Сабин повернулся к своему спутнику, бледному, худощавому мужчине лет тридцати с каштановыми волосами. «Кто этот бесстыдный подхалим, Клеменс?»
«Это, мой дорогой зять, Квинт Помпоний Секунд, старший консул этого года, и это все, на что он способен, чтобы высказать независимое мнение за время своего пребывания в должности».
Сабин сплюнул и схватился за рукоять меча, спрятанного под плащом. Ладонь его руки стала липкой. «Это произошло как раз вовремя».
«Напротив, это давно пора было сделать. Моя сестра уже больше двух лет живёт со стыдом после того, как её изнасиловал Калигула; гораздо дольше, чем того требует честь».
На сцене молодой любовник с силой пнул в зад своего новоприбывшего раба, отчего тот упал на землю, а зрители разразились новым взрывом смеха, который нарастал по мере того, как актёры начали гоняться друг за другом, с множеством подножек, поворотов и промахов. В императорской ложе Калигула продемонстрировал свой собственный комедийный поединок, гоняясь за своим хромым дядей Клавдием вверх и вниз, на этот раз к искреннему веселью публики, которая всегда ценила насмешки над калекой. Даже шестнадцать бородатых немецких телохранителей императора, выстроившихся в задней части ложи, разделили удовольствие от унижения несчастного.

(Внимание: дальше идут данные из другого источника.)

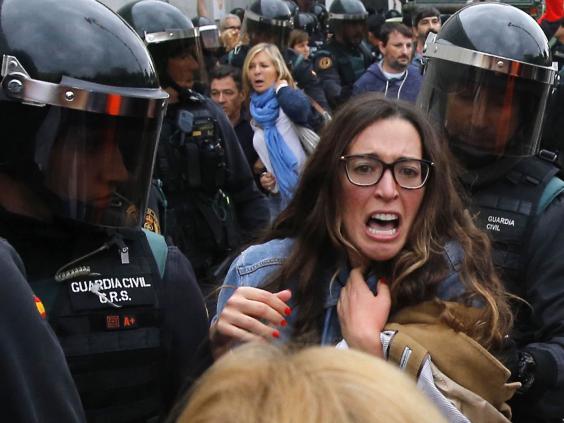 The Spanish Civil Guard was seen hitting people with batons, fired rubber bullets into crowds and forcibly removed would-be voters from polling stations in actions that were condemned internationally but were described by the government as "proportionate".

Двое преторианских трибунов, стоявших по обе стороны ограждения, не предприняли никаких попыток сделать выговор своим подчиненным.
«Ты и вправду собираешься сделать этого шута императором?» — спросил Сабин, возвышая голос на фоне нарастающего веселья, когда слабые ноги Клавдия подкосились, и он растянулся на полу.
«Какой у нас выбор? Он последний из взрослых Юлиев-Клавдиев. Мои люди в преторианской гвардии не примут восстановление Республики; они знают, что это приведёт к их роспуску. Они поднимут мятеж, убьют меня и всех моих офицеров, кто встанет у них на пути, а потом всё равно сделают Клавдия императором».
«Нет, если мы убьем и его».
Клемент покачал головой. «Я не могу по совести отдать приказ о его казни, я его клиент». Он указал на двух преторианских трибунов в ложе и понизил голос, когда Калигула, устав унижать дядю, вернулся на своё место, а публика снова принялась наблюдать за запланированным развлечением.
Кассий Херея, Корнелий Сабин и я пришли к соглашению, что Клавдий должен стать императором: это наш единственный шанс выжить. Мы провели осторожные переговоры с его вольноотпущенниками Нарциссом и Палласом, а также с вольноотпущенником Калигулы, Каллистом. Он увидел, как идут дела, и встал на сторону фракции Клавдия; они пообещали защитить нас от любой мести, которую Клавдий, по долгу чести, обрушит на нас за убийство члена своей семьи, даже если он сам окажется в числе бенефициаров – весьма неожиданная месть.
«Клавдий еще не знает?»
Клеменс приподнял бровь. «Вы доверите этому болтливому идиоту такую тайну?»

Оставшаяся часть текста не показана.